Bu rivayetten hareketle recm uygulamasının Nur suresindeki ayetin nüzulünden önce olmasının “kuvvetle” muhtemel olduğunu söylemek Ebû Zehra’yı ya da Karaman hocayı tatmin etmiş midir gerçekten?

Elimizde bir rivayet var ve sahabî, sorulan soruya “bilmiyorum” diye cevap veriyor. Bunun “Recm uygulaması kalkmıştır” anlamına geldiğini nasıl söyleyebiliriz? Üstelik buna mukabil recm uygulamasının Nur suresinden sonra da, hatta Efendimiz (s.a.v)’in irtihalinden sonra da devam ettiğini (yani “muhkemattan” olduğunu) ifade eden onlarca sahabî ve mecmuundan tevatür hasıl olduğunda zerre şüphe bulunmayan rivayetler var. Ayetten-hadisten, Usulden-fürudan haberdar olan hangi aklı başında insan bu kadar sahabînin ve rivayetin ifade edemediği “kuvvetli ihtimal”in, hüküm ifade etmeyen bir tek rivayetten hasıl olduğunu söyleyebilir?
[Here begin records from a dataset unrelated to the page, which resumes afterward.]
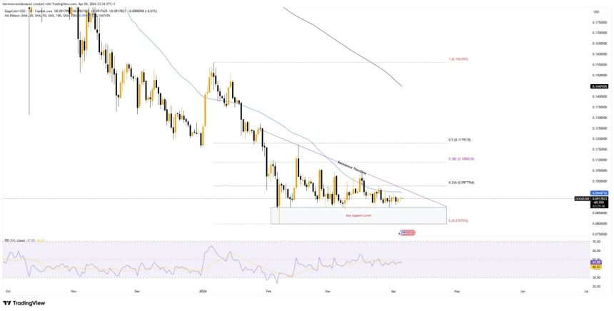 Analysts cited both conditions, but neither chart confirmed a breakout at the time of publication. Ali Charts reported that whale wallets bought heavily between March 31 and April 3, while $DOGEs price held inside a tight $0.087 to $0.101 band.
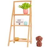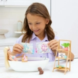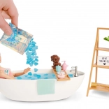 Med følger et fritstående badekar med afsætningsbakke, en hylde i trælook og masser af tilbehør: stor og lille børste, flaske med balsam, sæbe, lys, plante, dekorativ tekst og en sød hvalp. Hylde og bakke har praktiske holdere, så tilbehøret bliver på plads under legen.
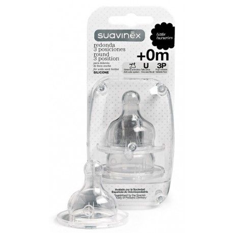 EstaTetina Redonda 3 Posiciones Suavinexes para niños desde el primer día de vida. Se puede adaptar con un pequeño movimiento a la succión del pequeño de la casa. Contiene dos unidades. Su diseño consigue evitar las molestias como el hipo o los cólicos gaseosos que se pueden producir por la ingesta de aire. Este producto deSuavinex está avalado por la Sociedad Española de Ortopediatría
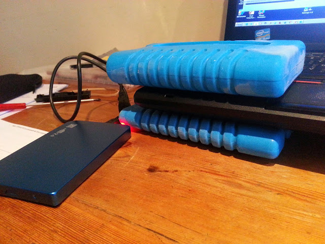 So I restarted the laptop and recommenced the data copying. About 15 minutes later the disk failed again. I went through this cycle a few more times but I wasn't making much headway with my backup, and I was worried about the larger files I needed to copy.
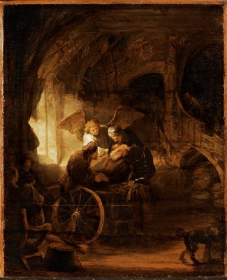 (Tobias heals his father's blindness (oil on panel))レンブラント・ハルメンシュ。ファン・レイン |

“3. “Recim cezası ayet olarak Kur’an’da vardı, lafız olarak kaldırıldı, ama hükmü kaldırılmadı” şeklindeki rivayeti akıl ve mantık kabul etmez; hükmü kalacak olan bir ayetin lafzı niçin kaldırılsın?!”

Recm cezasının Kur’an ayetiyle sabit olduğu görüşünde bulunan alimler vardır. Ancak –Sahabe kuşağından beri– recmin muhkemattan olduğu üzerinde icma etmiş bulunan Ümmet alimlerinin bu noktaya istinat ettiğini söylemek doğru değildir. Recmin muhkemattan olduğu üzerinde icma etmiş bulunan ulema, bu cezanın Sünnet tarafından uygulandığını, Sahabe tarafından da devam ettirildiğini söylemektedir. Bu durumda hükmün, metni mensuh bir ayetle mi, yoksa resen Sünnet’le mi sabit olduğu tartışmasının hiçbir önemi yoktur. Ebû Zehra’nın bu itirazı, recm uygulamasının Sünnet’le sabit olduğunu söyleyenleri ilzam etmeyeceği gibi, hükmün muhkem olma vasfına tesir etmeyeceği de açık olan hayli zayıf bir itirazdır ve Usul ve Fıkıh’la ileri derecede hemhal olmuş bir alime de doğrusu hiç yakışmamıştır!

Devam edecek.

Milli Gazete – 25 Ekim 2010

Kaynakça/Dipnot

Kaynakça/Dipnot
1 4 Ekim ve 9 Ekim tarihli yazılar.
2 Doğrusu Abdullah b. “Ebî” Evfâ olacak.